(Work instruction): Quote, exactly, the line holding "福岡のフリーペーパーに「7/23愛子さま応援祭」が掲載!" and all lines after it to the end of the records below. Exclude pictures.

▼

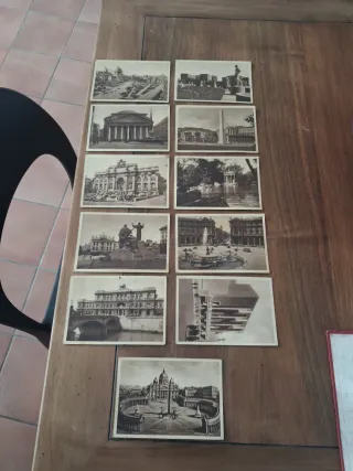 Set di 11 cartoline d'epoca raffiguranti la città di Roma nel 1934. - Vedute di monumenti e piazze. - Stampe in bianco e nero. - Edizione originale del 1934.
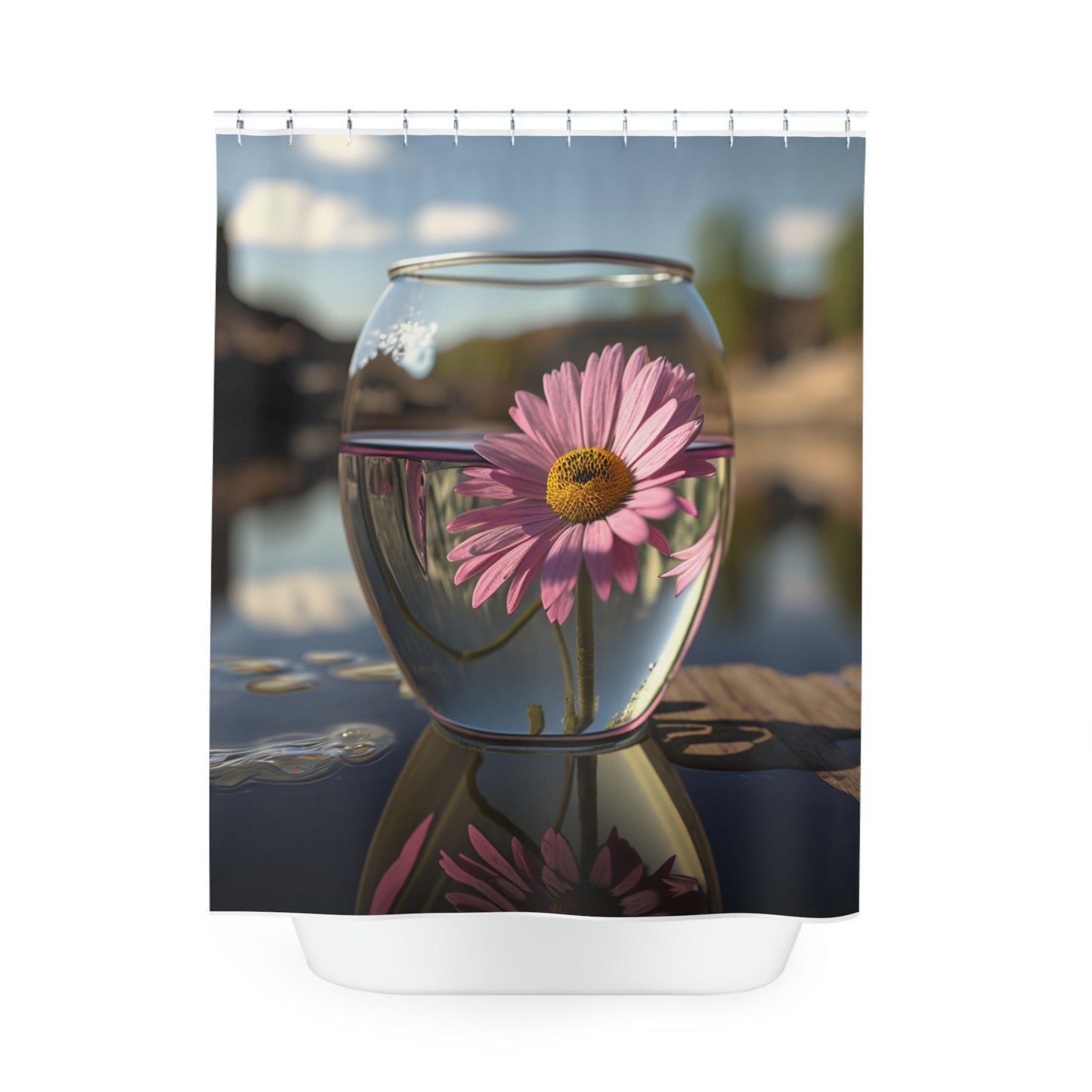 Polyester Shower Curtain Daisy in a vase 1
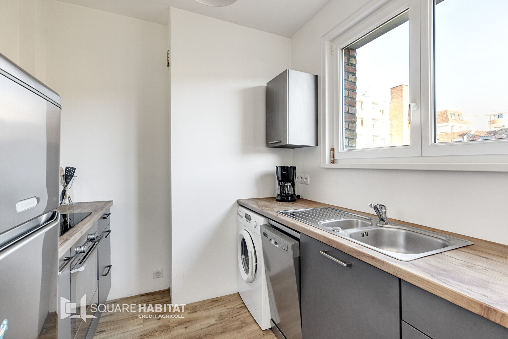 Il est composé d'un hall d'entrée avec placards, d'un séjour parqueté très lumineux, d'une cuisine équipée moderne, et de 2 grandes chambres ainsi que d'une salle de bains.
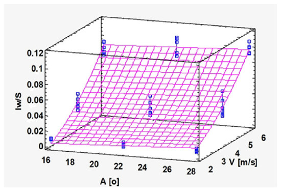 The wear rate (Iw) per distance traveled (Iw/s) was taken as the dependent variable. Speed and angle, their powers, and their interactions were included in the model as independent variables to explore the potential combination of factors. After eliminating non-significant variables, the final expression of the model is shown below:
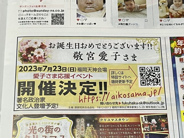 福岡のフリーペーパーに「7/23愛子さま応援祭」が掲載!
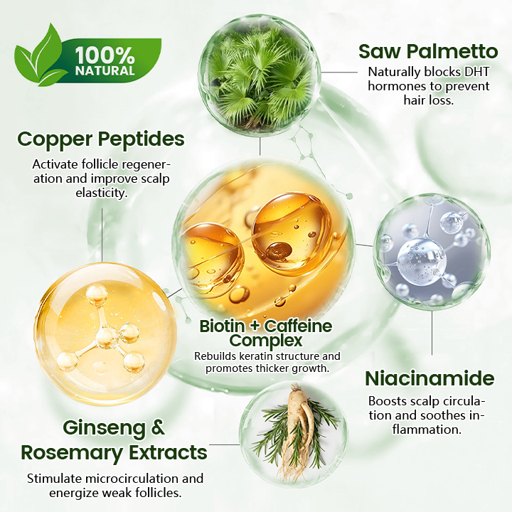 It enhances scalp microcirculation, suppresses DHT formation, and reactivates dormant follicles â with visible regrowth in as little as 4 weeks.
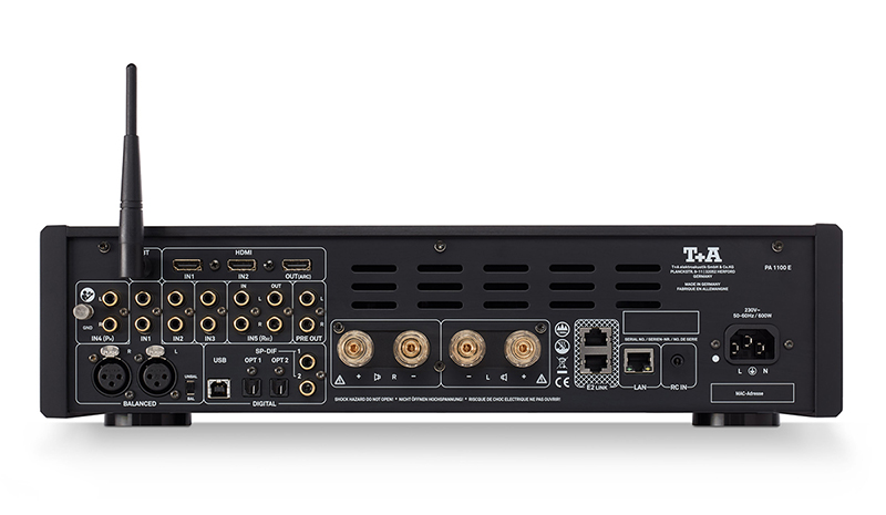 至于PA1000E的类比输入,PA1100E也有。1组高电平XLR平衡输入、5组高电平的RCA类比输入(其中input 1为平衡单端共用,需以开关设定则一使用,另input 5为录音输入,input 4则可选购安装唱放模组),可供连接CD唱盘、收音机等传统讯源。此外,前级输出也让你可以为之加上后级,做双扩大机驱动,遇到难推音箱也不怕。加上丰富的数位输入,PA1100E一台综合扩大机,却能成为音乐和影音的娱乐中心。如果你想要简化音响系统,T+A PA1100E或许可以帮忙。
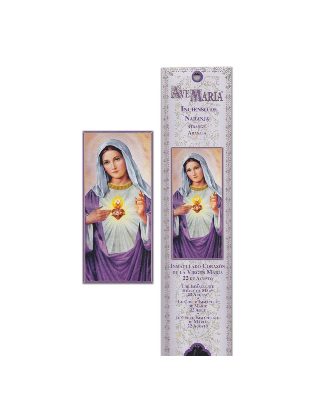 Dieser Beutel mit dem Bild des Heiligsten Herzens Mariens in leuchtenden Farben enthält 15 natürliche Räucherstäbchen mit dem belebenden Duft der Orange. Es wird hauptsächlich am 22. August gebetet. Diese belebende Räucherung wird insbesondere verwendet, um die Kommunikation und das Einfühlungsvermögen zu öffnen und die bedingungslose Liebe zu fördern.
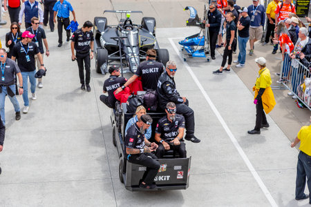 Crew members of Arrow McLaren Chevrolet prepare their race car for the Sukup INDYCAR Race Weekend in NEWTON, IA, USA.
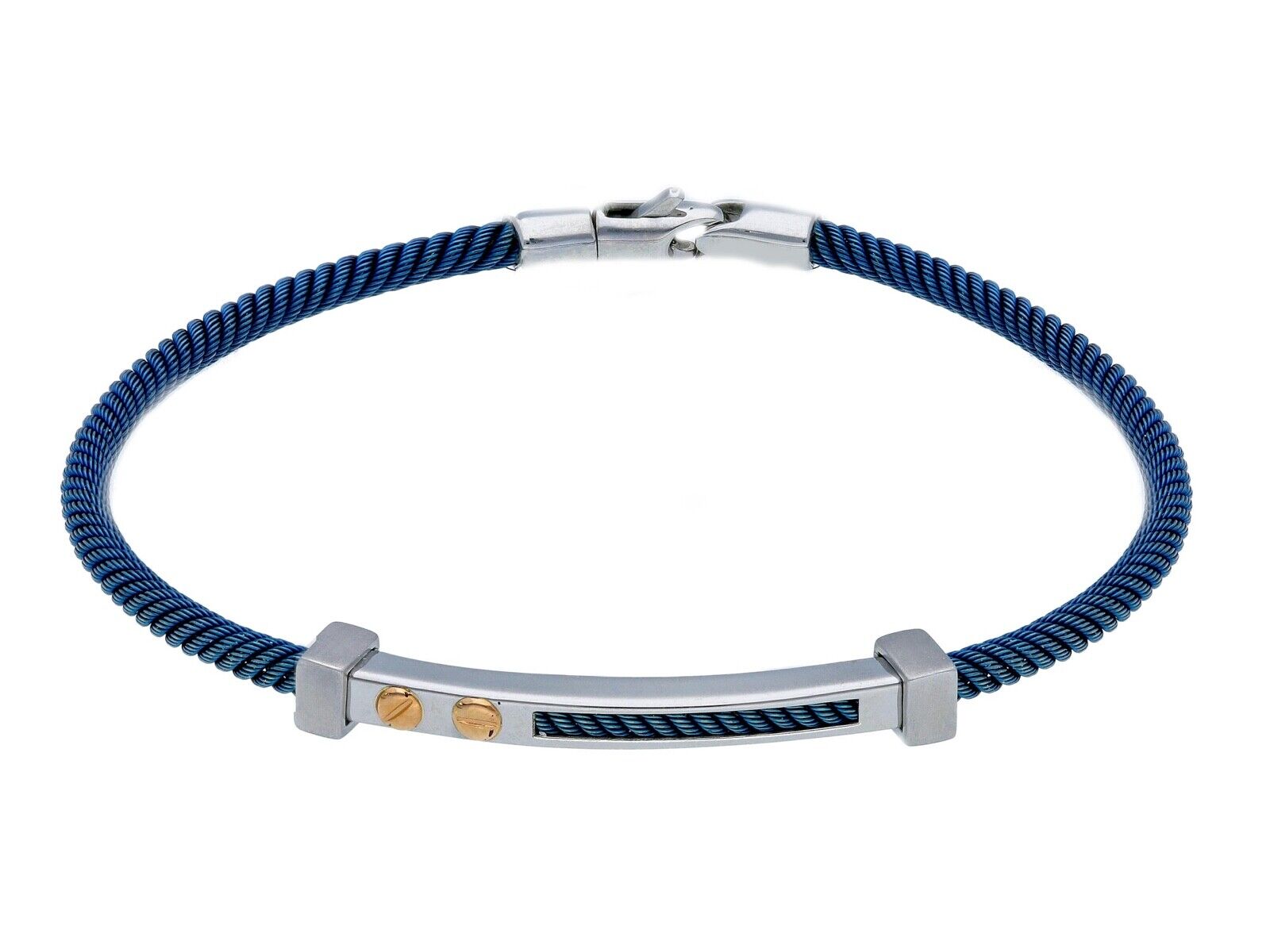 BRACELET 4mm STAINLESS STEEL BLUE ROPE BRAIDED CABLE, PLATE, 18K GOLD INSERTS

▲

(Reply):
 福岡のフリーペーパーに「7/23愛子さま応援祭」が掲載!
 It enhances scalp microcirculation, suppresses DHT formation, and reactivates dormant follicles â with visible regrowth in as little as 4 weeks.
 至于PA1000E的类比输入,PA1100E也有。1组高电平XLR平衡输入、5组高电平的RCA类比输入(其中input 1为平衡单端共用,需以开关设定则一使用,另input 5为录音输入,input 4则可选购安装唱放模组),可供连接CD唱盘、收音机等传统讯源。此外,前级输出也让你可以为之加上后级,做双扩大机驱动,遇到难推音箱也不怕。加上丰富的数位输入,PA1100E一台综合扩大机,却能成为音乐和影音的娱乐中心。如果你想要简化音响系统,T+A PA1100E或许可以帮忙。
 Dieser Beutel mit dem Bild des Heiligsten Herzens Mariens in leuchtenden Farben enthält 15 natürliche Räucherstäbchen mit dem belebenden Duft der Orange. Es wird hauptsächlich am 22. August gebetet. Diese belebende Räucherung wird insbesondere verwendet, um die Kommunikation und das Einfühlungsvermögen zu öffnen und die bedingungslose Liebe zu fördern.
 Crew members of Arrow McLaren Chevrolet prepare their race car for the Sukup INDYCAR Race Weekend in NEWTON, IA, USA.
 BRACELET 4mm STAINLESS STEEL BLUE ROPE BRAIDED CABLE, PLATE, 18K GOLD INSERTS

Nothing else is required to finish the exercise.